In this study, we investigated the role of TSS in the treatment of prolactinomas, reviewing our cohort of patients that had been managed with surgical and/or medical therapies, over a period of 25 years.
Our findings demonstrate that patients in which the adenoma was surgically removed had the highest probability of reaching the cure. In fact, in this cohort of patients, TSS acts as an independent positive prognostic factor for cure of prolactinomas, together with female gender and microadenoma. Notably, in patients with follow-up longer than 5 years, the only independent positive prognosticators for cure remained surgery and female sex, thus confirming our assumption. Moreover, the prognostic value of surgery was independent from timing, thus highlighting its role also when performed as a second-line treatment, after DA failure.
Notably, our results allow to identify a group of patients that may strongly benefit by surgical removal of prolactinomas. In fact, we showed that female patients treated with first-line surgery had the higher rate of cure, regardless of tumor dimension; among them, women harboring microadenoma were the subgroup mostly benefiting from surgery (Table 2).
According to current guidelines [4], the first-line therapeutic choice for prolactinoma is the medical therapy with DA, whereas surgery is usually confined to a complementary therapy for patients resistant to DA. However, recent studies have proved that a recurrence of prolactinoma may be observed in 20-77% of cases after the withdrawal of DA [13], matching with tumoral dimension, invasion of cavernous sinus, nadir prolactin value reached during DA treatment [14], persistence of tumoral residual disease and duration of treatment with DA [15].
Our evidences are in line with what published by high-volume centers [10,16-27]: TSS is linked to low surgical complications, and a remission rate of about 80% and 40% respectively for micro and macroprolactinomas. Consistently, Andereggen et al. [28] showed that at 10 years follow-up, the control of hyperprolactinaemia required DA-agonist therapy in 32% of patients who underwent primary surgical therapy and in 64% of patients who had primary medical therapy and that the primary surgical therapy is a protective factor for long-term treatment with DA.
Then, it has been suggested that surgical removal of the adenoma should be part of the patients counselling for the decision of the initial treatment, due to the low morbidity of this procedure, if performed by an experienced neurosurgeon [29]. In addition, the available of tumoral tissue may allow a detailed pathological analysis, for investigating both biomarkers of aggressiveness, as Ki67, p53, mitotic count, minichromosome maintenance 7 (MCM7) and estrogen receptors, and biomarkers of treatment response, as dopamine and somatostatin receptors [30-33]. In fact, a very detailed pathological analysis may facilitate the identification of cases with high risk of recurrence and may orient towards a personalized therapy, in particular in cases of difficult and aggressive prolactinomas [34].

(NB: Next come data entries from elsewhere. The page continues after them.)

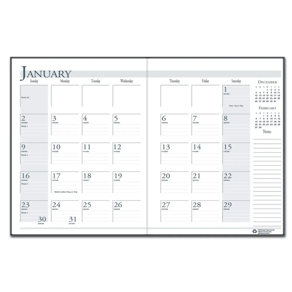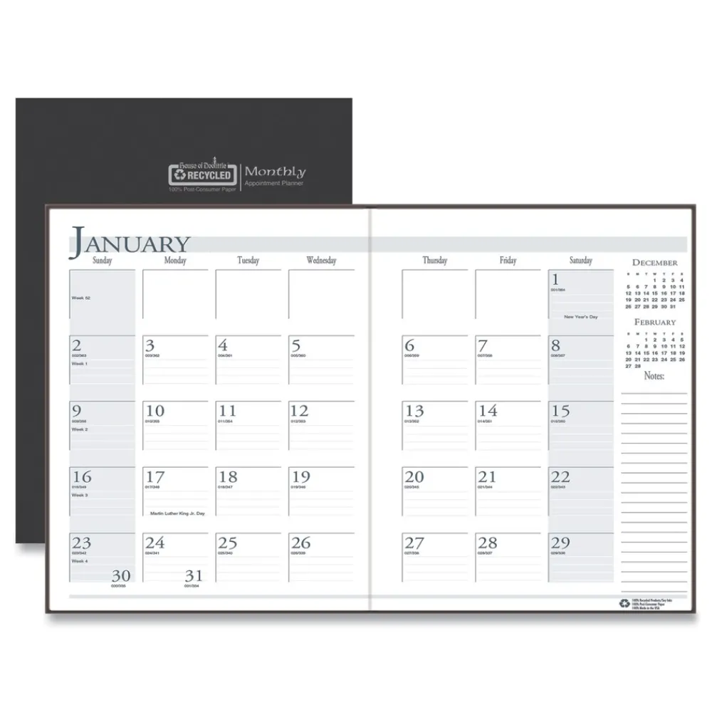 House of Doolittle 260-02 11 in. x 8.5 in. 14-Month (Dec 2025-Jan 2027) Recycled Ruled Planner with Leatherette Cover – Black Cover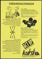 The words 'AIDS' forming the centre of a maze with four figures on the outside holding maps in an attempt to find their way in, an illustration by Ingram Pinn; an advertisement for a meeting in Berlin about HIV and homeopathy by Dr Karin Bandelin and Dr Almut Gestrich on 26 October 1993 at the headquarters of Kursiv, the Centre for AIDS and advice for gay men. Photocopy, 1993.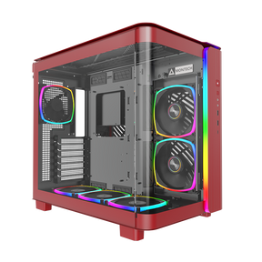 Transform dit setup til noget spektakulært med Montech KING 95 PRO - et kabinet der kombinerer elegant curved glas med professionel dual-chamber funktionalitet. Det røde design gør dit setup til et visuelt statement, mens den patenterede teknologi leverer den køling og fleksibilitet, som dit high-end hardware fortjener.

The main limitation of our study are its retrospective design and the lack of randomization. The main selection biases were the prevalence of males and macroadenomas in surgical patients, probably due to visual disturbances as a reason for surgery. However, this study describes a real life scenario of a large and monocentric series of patients, managed at a historical pituitary unit with a long-standing commitment on research about prolactin in physiological and pathological conditions [35-43]. Moreover, multivariate analysis is expected to reduce biases. Another limitation is that, in this study, the complex endocrine syndrome induced by prolactinomas has not been analyzed: focusing on a few selected serological and neuro-radiological aspects of the illness was essential in order to reliably analyze a considerable number of patients with a long follow-up.
Among the strong points of the study, though collected in a 25-year timeframe, our monocentric series is highly homogeneous as concerns indications, treatment, and follow-up. To further reduce the confounding factors of our analysis, giant prolactinomas have been excluded, because in such invasive cases a multimodality treatment, including radiotherapy and life-long DA, is often required.
In conclusion, TSS may represent a valid alternative to DA therapy, particularly in females with microadenomas, as provides the highest chance to cure at long-term follow-up.
Concurringly with aforementioned reports, our experience prompts surgery among the first-line possible treatments for the management of prolactinomas in reference centers.